**What is needed:** Up to and including the line that holds "Pearl Gold Studs", print the data exactly from its first line; do not print the pictures.

**Data supplied:**
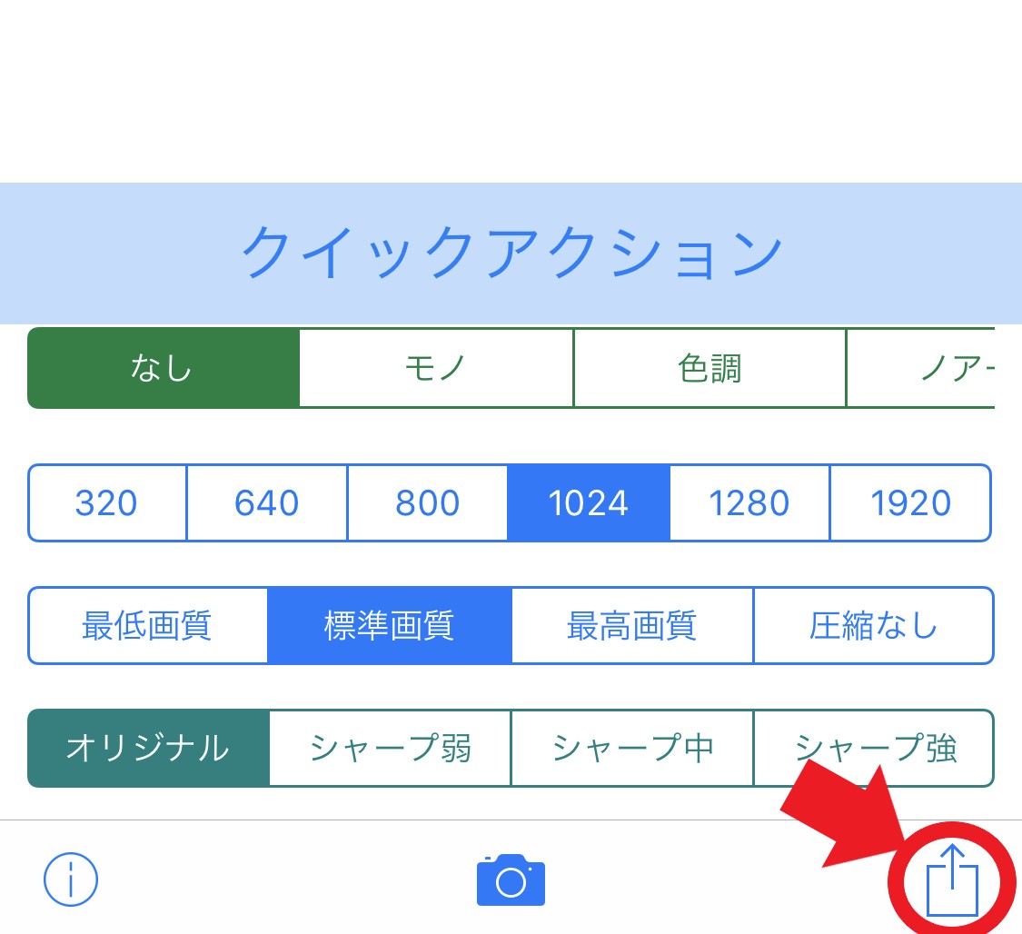 リサイズが完了したら、画面右下のシェアボタンから画像を保存しましょう。
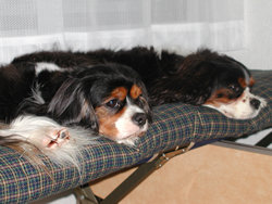 | 【ネオありがとう】byチホ 公園のお友達のキャバリアのネオが土曜日に天国に行ってしまいました。私もかなりショックです。3歳になったばかりだったのに・・・。日曜日にママさんがネオを連れて、公園に来てくれました。安らかな顔で声をかけたら起きてくるような気がしてしまいました。ネオ、天国でもボールでいっぱい遊んでね。モモと遊んでくれてありがとう。 |
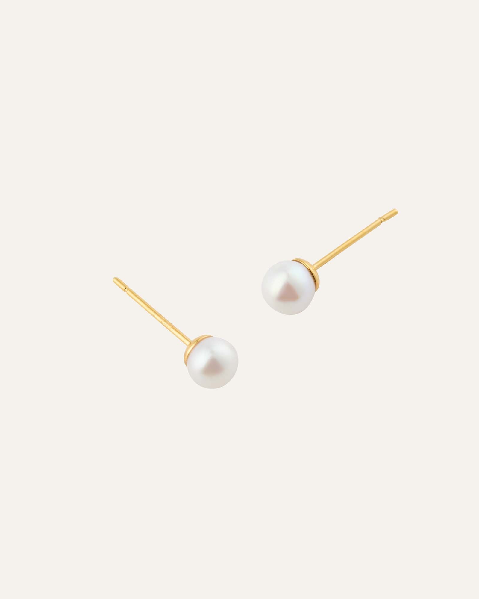 Pearl Gold Studs combine a freshwater pearl with a stainless steel post plated with 18K gold PVD. The warm gold tone enhances the pearl’s natural luster, creating a soft glow near the face. Thanks to the durable plating, the earrings resist everyday wear and retain their shine over time. Ideal to wear solo or paired with smaller studs.
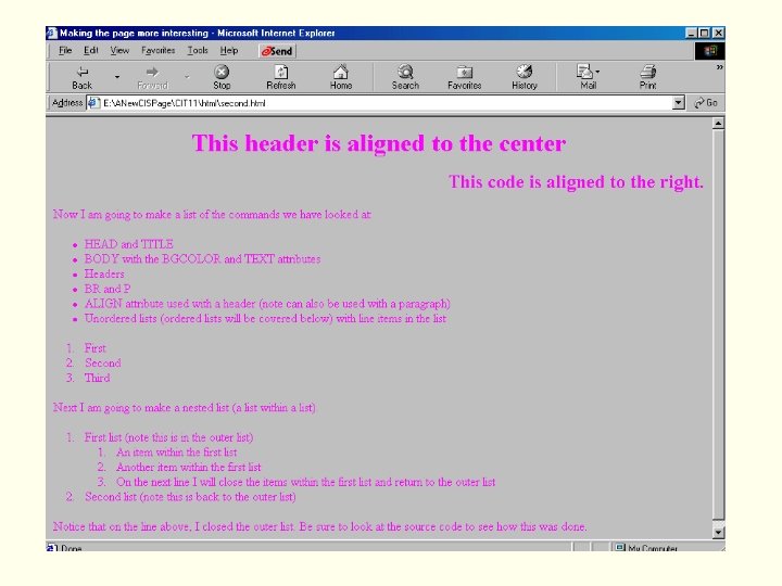 <html> <head> <title>Making the page more interesting</title> </head> <body bgcolor="#C 0 C 0 C 0" text="#FF 00 FF"> <h 1 align=center>This header is aligned to the center</h 1> <h 2 align=right>This code is aligned to the right. </h 2> Now I am going to make a list of the commands we have looked at: <ul> <li>HEAD and TITLE</li> <li>BODY with the BGCOLOR and TEXT attributes</ li> <li>Headers</li> <li>BR and P</li> <li>ALIGN attribute used with a header (note can also be used with a paragraph)</ li> <li>Unordered lists (ordered lists will be covered below) with line items in the list</ li> </ul> <ol> <li>First</li> <li>Second</li> <li>Third</li> </ol> Next I am going to make a nested list (a list within a list). <ol> <li>First list (note this is in the outer list)</ li> <ol> <li>An item within the first list</ li> <li>Another item within the first list</ li> <li>On the next line I will close the items within the first list and return to the outer list</li> </ol> <li>Second list (note this is back to the outer list)</ li> </ol> Notice that on the line above, I closed the outer list. Be sure to look at the source code to see how this was done. </body> </html>
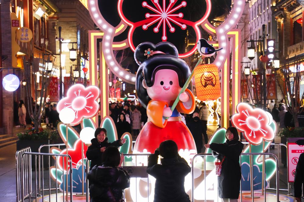 游客与钟楼步行街的新布景合影。新华社发(张昊宇摄)
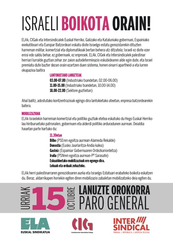 Lanuzte hauek CIG (Galiza) eta Intesindical (Katalunia) sindikatuekin batera deitu ditu ELAk. Herri palestinarraren genozidioa gelditzea eta Israelgo Estatuari erabateko boikota eskatzen dute sindikatutik eta, beste batzuetan bezala, aldarrikapen horiek dituzten mugimendu sozialek deitutako mobilizazioetan parte hartzeko deia egin dute.
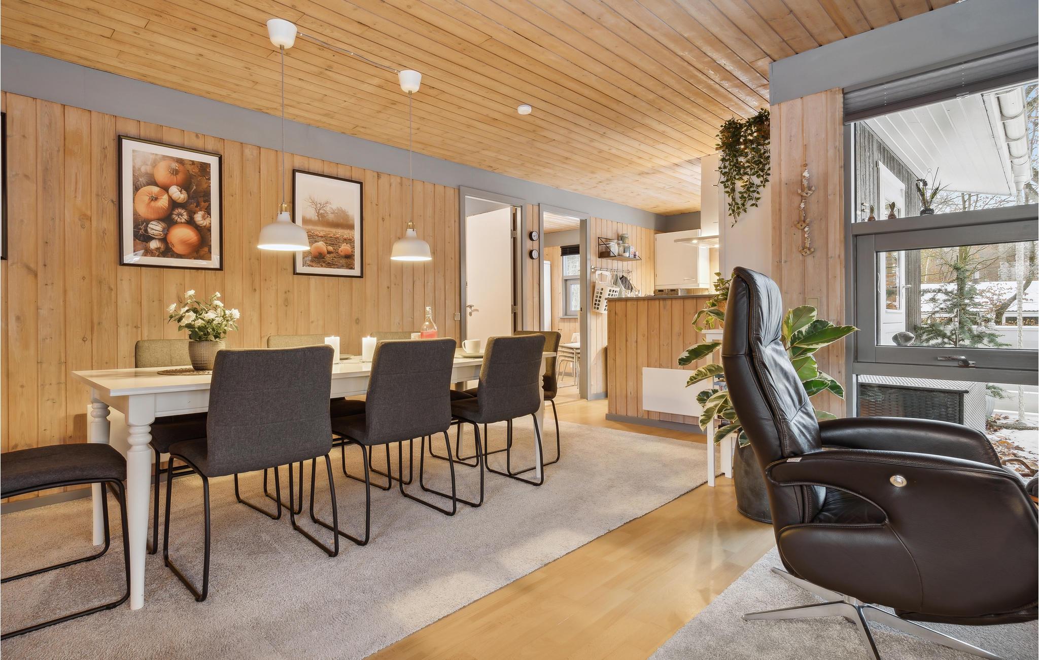 Velkommen til dette indbydende sommerhus i Fjellerup, som ligger ud til store skove og tæt på stranden. Det store køkken-alrum er klassisk og enkelt indrettet med moderne boligløsninger. Fyld dagene med hyggelige aktiviteter, find sammen om et brætspil ved spisebordet, giv jer i kast med hyggelige madprojekter og bliv siddende lidt længere efter måltiderne. Der er mange sovepladser, så huset har god plads til en stor familie, også i den brede sofa og på den indhegnede terrasse i sommersæsonen. På den store naturgrund er der carport, gynger og sandkasse, så de små kommer heller ikke til at kede jer.
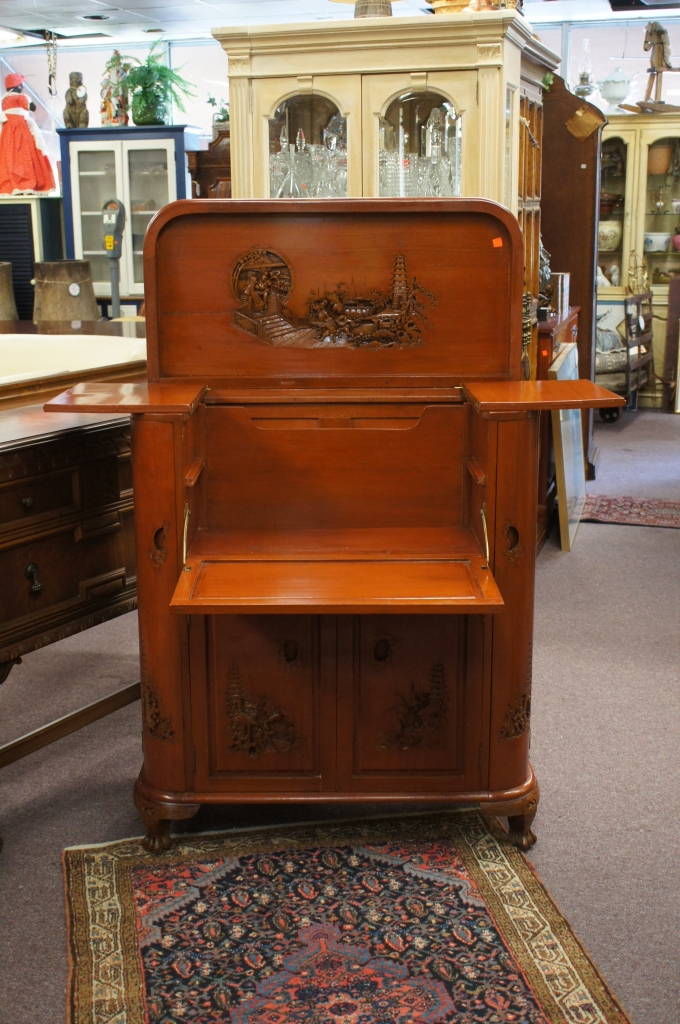 Amazing Rare Vintage Asian Oriental Theme Dry Drinks Bar Cocktail Cabinet
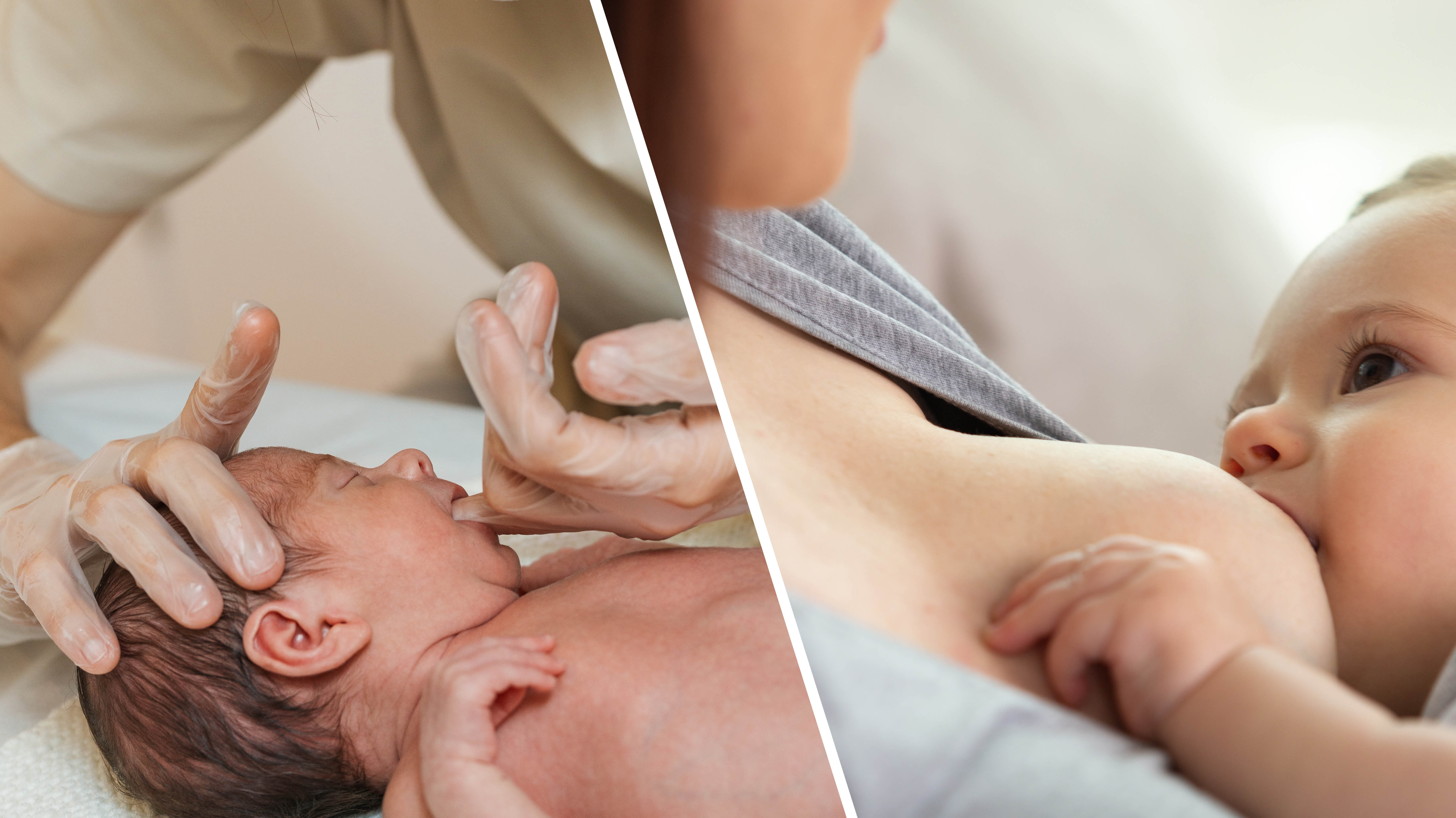 Bildet viser et spedbarn som blir ammet
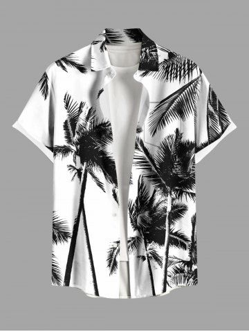 Plus Size Coconut Tree Ink Painting Print Hawaii Button Pocket Shirt For Men - White - 6xl
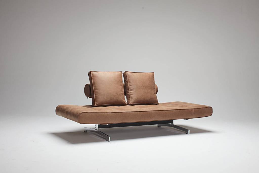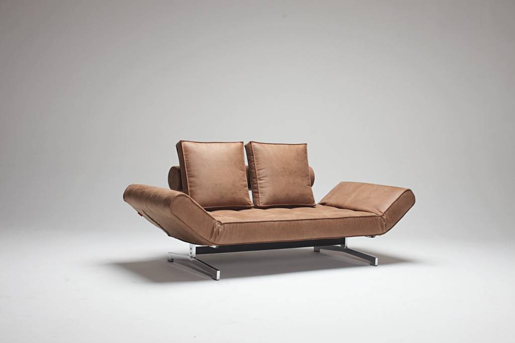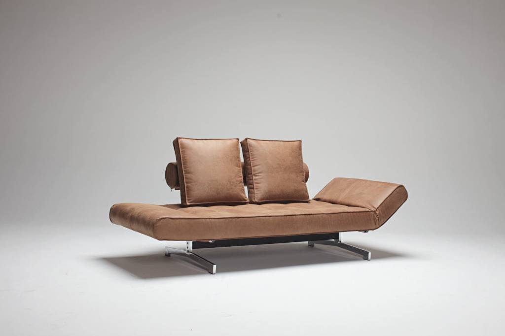 Ghia is een design éénpersoonsslaapbank van Innovation ontworpen door Per Weiss. Echt design voor in uw huis. Deze slaapbank kan in verschillende standen ingesteld worden door eenvoudig de 'zijvleugels' naar beneden of boven te klappen; Sofa, Lounge en Bed.
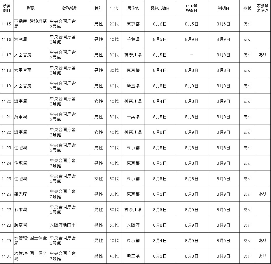 新たに国土交通省本省職員16名(1115~1130例目)が、新型コロナウイルスに感染していることが確認されました。
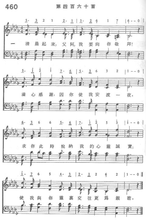 一 清晨起來,父阿,我要向你敬拜! 滿心感謝,因你使我安渡一夜。 求你此時悅納我的心靈誠實; 使我與你靈裡交往更為親密。
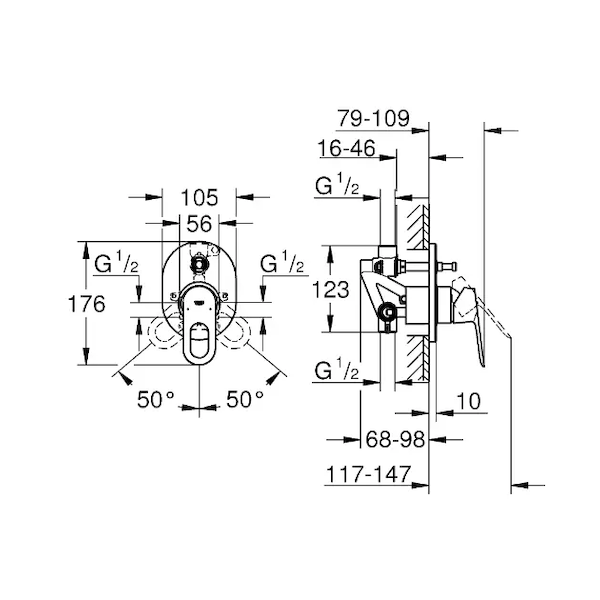 Grohe BauLoop - Vanová baterie pod omítku, s tělesem, chrom 29041000
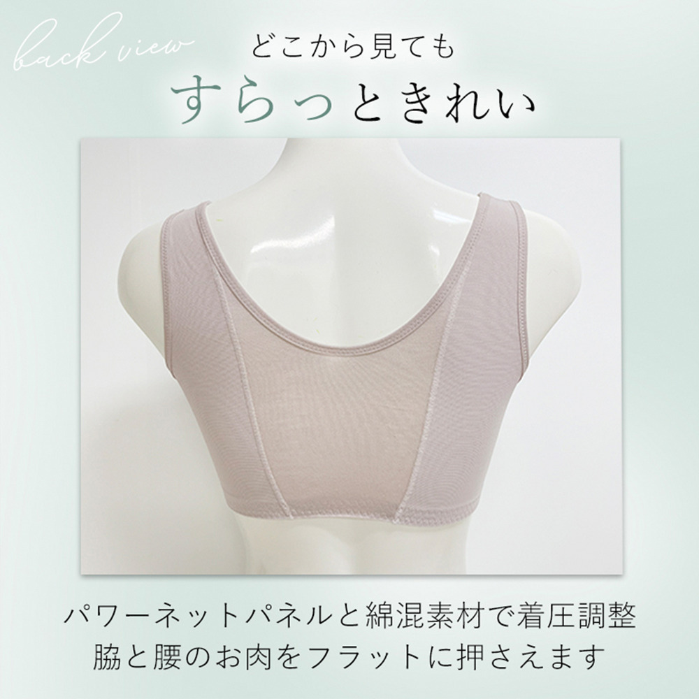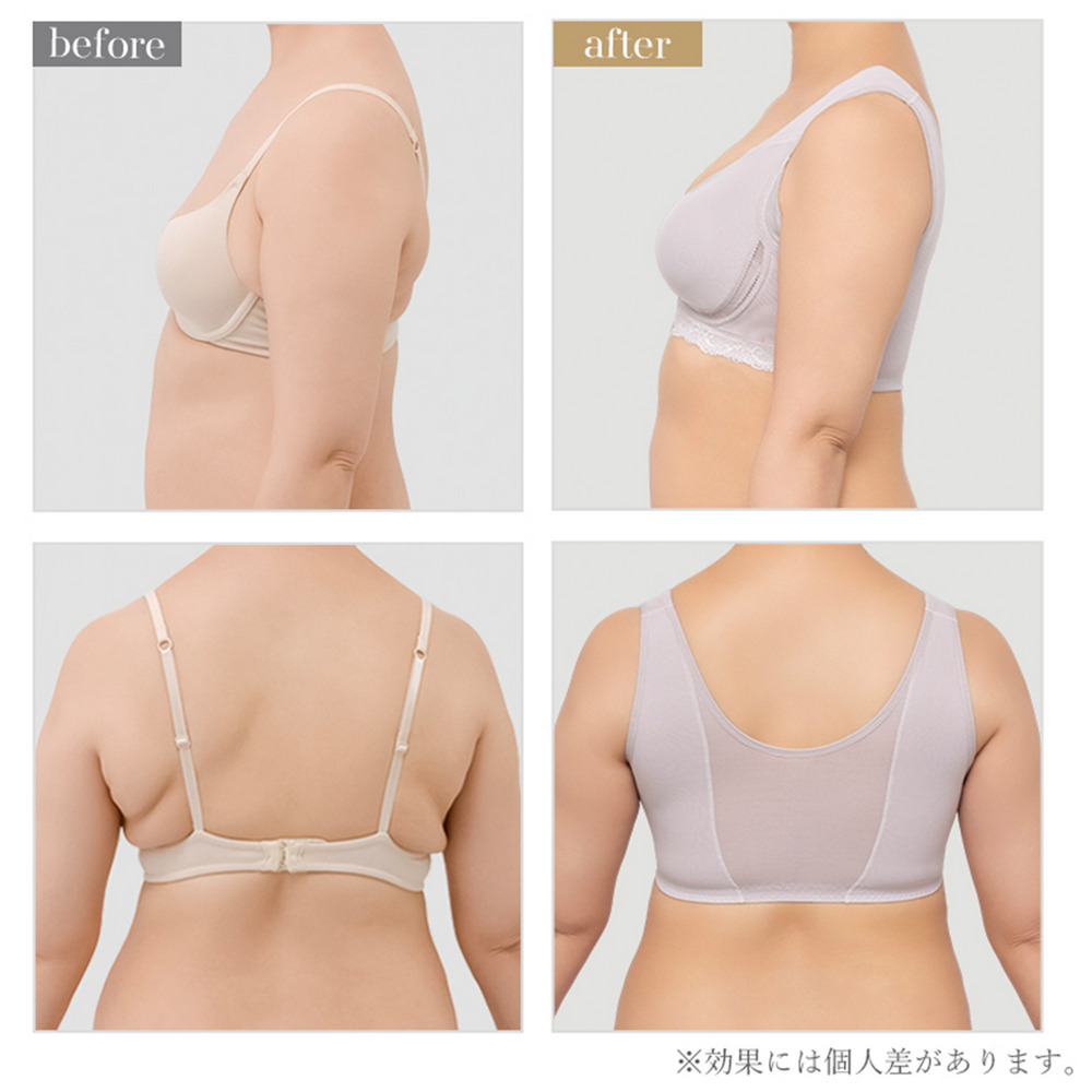 肩から脇のサポートがバストを正しい位置に引き上げ、脇肉もすっきり。さらに着圧調整設計で楽にフィットします。
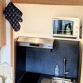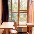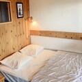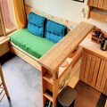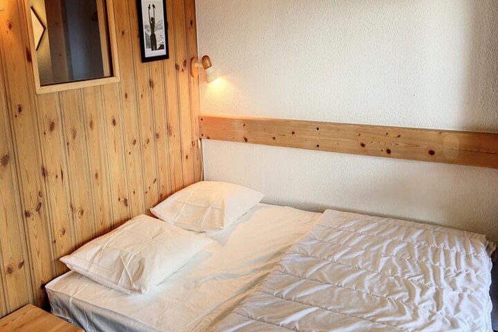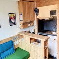 Inside, the apartment is thoughtfully designed to accommodate up to four guests. The entrance hall leads to a bathroom with a bathtub and toilet, while the fully equipped kitchenette features three electric burners, an oven, a refrigerator, and a dishwasher—perfect for preparing hearty meals after a day on the slopes. The living room, complete with a dining table and a comfortable bench seat, provides a welcoming space to unwind. Upstairs, the mezzanine offers two staggered single beds, a cozy relaxation area with an armchair, and a television. A separate bedroom with a double bed ensures restful nights for all.
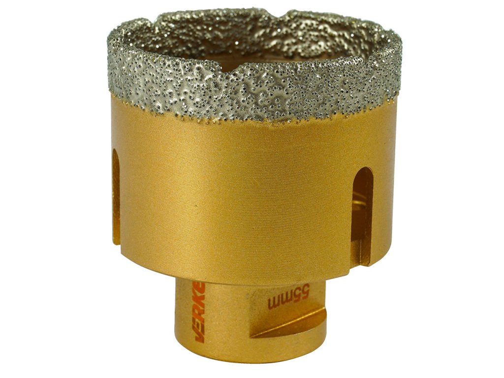 Диамантена боркорона М14, 55 мм VERKE V05155 е оборудвана с монтажна резба M14 за закрепване в ъглошлайфи. Идеална за пробиване на отвори в материали като: гранитогрес, керамични плочки, клинкер, глазура и естествен камък.

**Output:**
 リサイズが完了したら、画面右下のシェアボタンから画像を保存しましょう。
 | 【ネオありがとう】byチホ 公園のお友達のキャバリアのネオが土曜日に天国に行ってしまいました。私もかなりショックです。3歳になったばかりだったのに・・・。日曜日にママさんがネオを連れて、公園に来てくれました。安らかな顔で声をかけたら起きてくるような気がしてしまいました。ネオ、天国でもボールでいっぱい遊んでね。モモと遊んでくれてありがとう。 |
 Pearl Gold Studs combine a freshwater pearl with a stainless steel post plated with 18K gold PVD. The warm gold tone enhances the pearl’s natural luster, creating a soft glow near the face. Thanks to the durable plating, the earrings resist everyday wear and retain their shine over time. Ideal to wear solo or paired with smaller studs.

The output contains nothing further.